The two men, Mohamed Osman
al-Mirghani and Hussein al-Hindi, cohabited in contradiction. Nimayri’s 1969 coup
was their moment of divergence. The Khatmiya patron preferred to appease
Khartoum’s new rulers and allegedly nourished cordial ties with the young officers
of the May revolution. In a statement published on 11 July 1969 Mohamed Osman
al-Mirghani acknowledged the legitimacy of the new regime and announced his approval
of its announced Arab nationalist ideology. Hussein al-Hindi, on the other
hand, took the DUP into the opposition after consultations with the imprisoned party
chief, Ismail al-Azhari. Hussain’s DUP constituted together with the Umma Party
and Turabi’s Islamic Movement the opposition National Front. In exile, al-Hindi
became the most prominent spokesman of the National Front and coordinated its
catastrophic July 1976 military offensive against Khartoum from bases in Libya.

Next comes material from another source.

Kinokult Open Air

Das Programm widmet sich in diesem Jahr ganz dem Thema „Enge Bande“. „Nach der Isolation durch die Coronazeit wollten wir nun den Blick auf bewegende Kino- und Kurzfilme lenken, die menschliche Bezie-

Hassan al-Turabi and Sadiq al-Mahdi made their peace with Nimayri in 1977.
Al-Hindi however preferred his London exile and eventually died a general
without an army in an Athens hotel room in February 1982.
Two men had good reasons to
claim Hussein al-Hindi’s political legacy, Ali Mahmoud Hassanein who served as
his captain in Khartoum, and Zein al-Abdin al-Hindi, his brother and the patron
of the Hindiya. It was the complacent Mohamed Osman al-Mirghani, however, who
emerged as the chairman of the DUP when Nimayri’s regime collapsed in 1985,
while Zein al-Abdin was named secretary general. The Khatmiya patron had caught
up with the DUP, but at a considerable price. The performance of the party in
the 1986 elections was the worst in its history. It won a meagre 63 seats in
parliament out of a total of 234 compared to the Umma Party’s 100. One faction of
the party that traces back to Azhari’s National Unionist Party rejected the dominance
of the Khatmiya and fielded its own candidates. They did not win any seats in
the house but they split the DUP vote sufficiently as to provide a welcome
advantage to the National Islamic Front (NIF) in the graduates’ constituencies and
the urban centres. The DUP’s share of the votes in Khartoum for instance
dropped to 35 per cent from the 1968 level of 53 per cent.

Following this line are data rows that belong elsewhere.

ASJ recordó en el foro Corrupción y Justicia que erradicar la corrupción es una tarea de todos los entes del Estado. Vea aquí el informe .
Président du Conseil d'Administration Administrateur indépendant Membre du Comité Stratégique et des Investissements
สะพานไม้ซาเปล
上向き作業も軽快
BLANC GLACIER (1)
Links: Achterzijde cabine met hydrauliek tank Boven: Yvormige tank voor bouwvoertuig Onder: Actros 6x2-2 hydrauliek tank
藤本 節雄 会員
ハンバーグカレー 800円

The NIF turned the table on the
whole lot in 1989. Mohamed Osman al-Mirghani, John Garang’s 1988 peace partner,
became the chairman of the opposition National Democratic Alliance (NDA)
joining Khartoum’s chattering classes and the rebel SPLM. Mirghani shuttled
between Jeddah, Cairo and Asmara in the hope that the regime would soon atrophy
into oblivion. It did not; and Mirghani was eventually forced to sign a truce
with the government in December 2003 known as the Jeddah framework agreement. By
then there were at least two DUPs, an opposition DUP led by al-Mirghani and the ‘registered’

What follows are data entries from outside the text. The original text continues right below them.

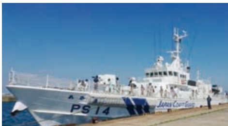
海上保安庁巡視船一般公開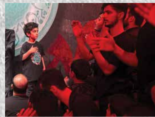
آیین سوگواری در صحرا، در این مراسم گروهی از مردم عزادار امام حسین (ع) به صحرایی در نزدیکی سمنان می‌روند و به عزاداری و سوگواری می‌پردازند.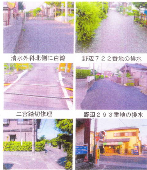
清水外科北側に白線

環境改善では、五日市街道の歩道整備や野辺地域の雨水排水問題、菅生地区の諸要求に答え、下水道工事やカーブミラーの増設などを取り組みました。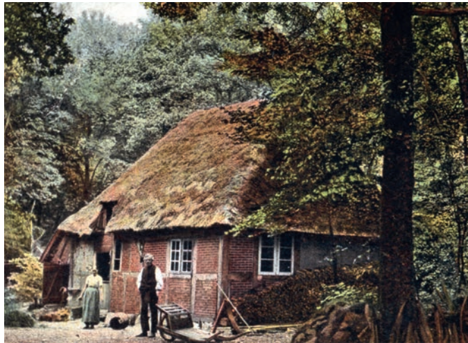
Postkartenmotiv ca. 1898

Das Hexenhaus ist ein ausdrucksvoller Zeuge örtlicher Wirtschafts- und Wohnverhältnisse der vergangenen drei Jahrhunderte. Es wird von der Landesdenkmalbehörde als schützenswertes Einzeldenkmal geführt.

faction led by the secretary general Zein al-Abdin al-Hindi. The Hindiya chief
had in 1996 signed a separate allegiance arrangement with President Bashir and
secured a fixed quota of positions for his smaller flock and associated business
network in the national government. Zein al-Abdin died in 2006 and the ‘registered’
DUP split further in an amoebic fashion. Apart from Zein al-Abdin’s faction
several other DUPs emerged to challenge al-Mirghani's leadership. One such
group was led by Ismail al-Azhari’s son, Mohamed, never much of a politician
but allegedly a great guitar player. Mohamed died in a car accident in 2006,
and his sister Jala succeeded him at one of many DUP tops.
Having agreed to join the
cabinet of President Bashir Mirghani is likely to win back the loyalty of the ‘registered’
DUP that once formed around Zein al-Abdin al-Hindi, and simultaneously pit himself
against several ghosts from the DUP’s recurring past. Among these Ali Mahmoud
Hassanein stands out as the likely candidate to lead a new breakoff DUP. The
man can boast a history of resistance to Nimayri and a consistent record of opposition
to the NCP regime. In what seems like an attempt to re-enact the legacy of
Hussein al-Hindi Hassanein chose a self-imposed exile in London and currently
heads a fuzzy alliance named the Broad National Front that seeks to bring down
the Khartoum regime, not a particularly imaginative name I presume.